© Ken Hawley Collection Trust - K.2311
W. A. F. Batty was listed as a table knife manufacturer in Williams’s Manufacturers’ Directory, London and the Principal Market Towns of England (1864). The address was 196 Solly Street. The General Directory … of Sheffield (Wm. White, 1864) reveals William Batty, table knife manufacturer, at the same address. But curiously, the initial’s ‘W.A.F.’ are absent; nor do they appear in any other Sheffield source. Why Batty used them is a mystery, unless they were to differentiate his name from other William Battys in Sheffield.
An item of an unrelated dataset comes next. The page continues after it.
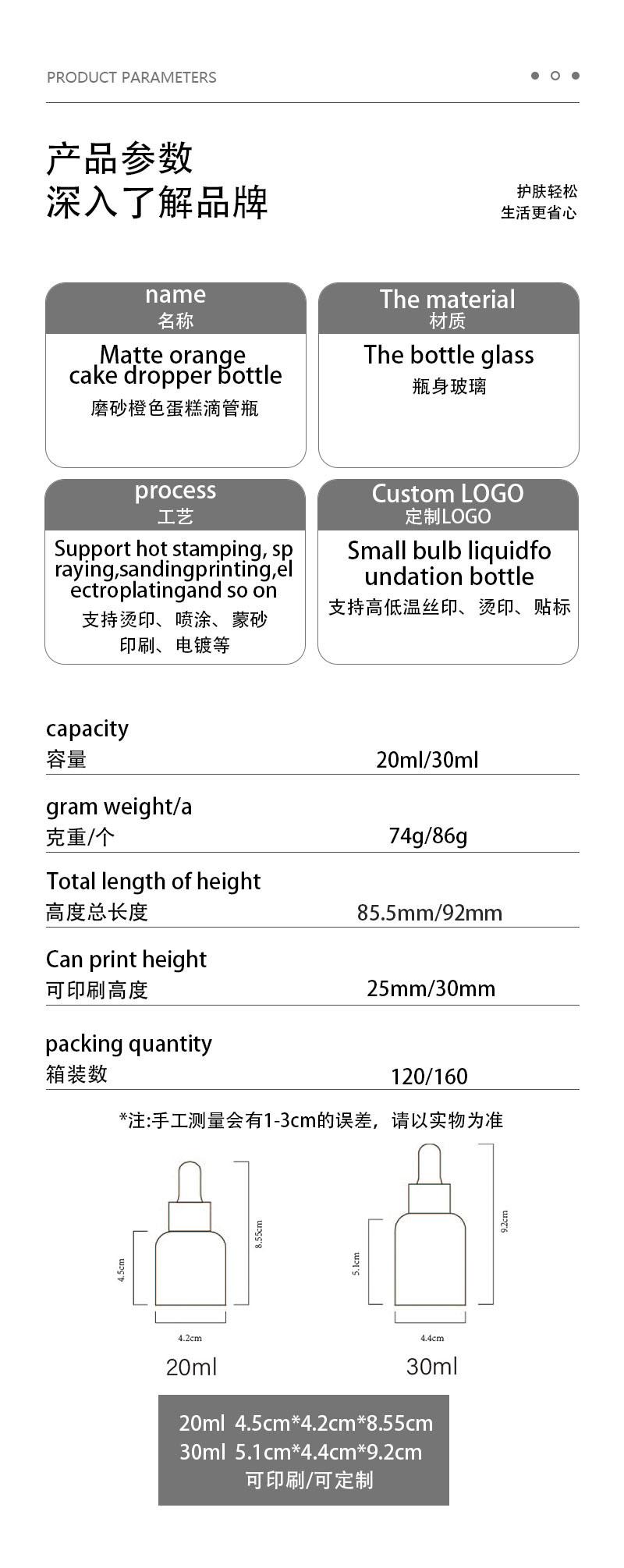 20ml frosted orange cake bottle with matte gold ring frosted white plastic tip, 30ml frosted orange cake bottl...

William Batty (c.1807-1883) had been born at Rotherham and his early life is obscure. His wife, though, was Ann. The Sheffield Independent, 5 February 1831, reported the marriage of William Batty Jun., silverplater, to Ann, the daughter of Jasper Ryalls, ‘all of this place’ – though it is difficult to be sure whether this was *the* William. In 1841, William Batty – alongside Ann and son, Eli Batty (1838-1914) – was living at Jericho and working as a table knife cutler. The family had moved to St Philip’s Road by 1845, when William was a table blade forger. By 1861, William was living and working at 196 Solly Street, with Ann, two daughters, an apprentice, and a boarder (a table knife hafter). In 1867, however, Batty held a sale of his household furniture and his table-blade maker’s tools, benches, and ‘lots of blades’ (Sheffield Independent, 23 April 1867). Batty must have been insolvent, though he and Eli were listed in 1868 in the local directory as cutlers at Solly Street and St Philip’s Road, respectively.
William continued to work at Solly Street at the start of the 1870s, but soon he and Ann moved to Firth’s Almhouses at Hanging Water. They died there in 1883: Ann in July, aged 70; William on 5 November, aged 76. Their grave is in Burngreave Cemetery. Eli also fell on hard times. In 1881, he was a resident in Cambridge Workman’s Home at Balm Green, where he was described as a whitesmith’s striker. He spent the rest of his life institutionalised. In 1911 (three years before his death), he was enumerated as an ‘inmate’ and former ‘butcher knife cutler’ at Sheffield Union Workhouse at Firvale. He was buried at Burngreave.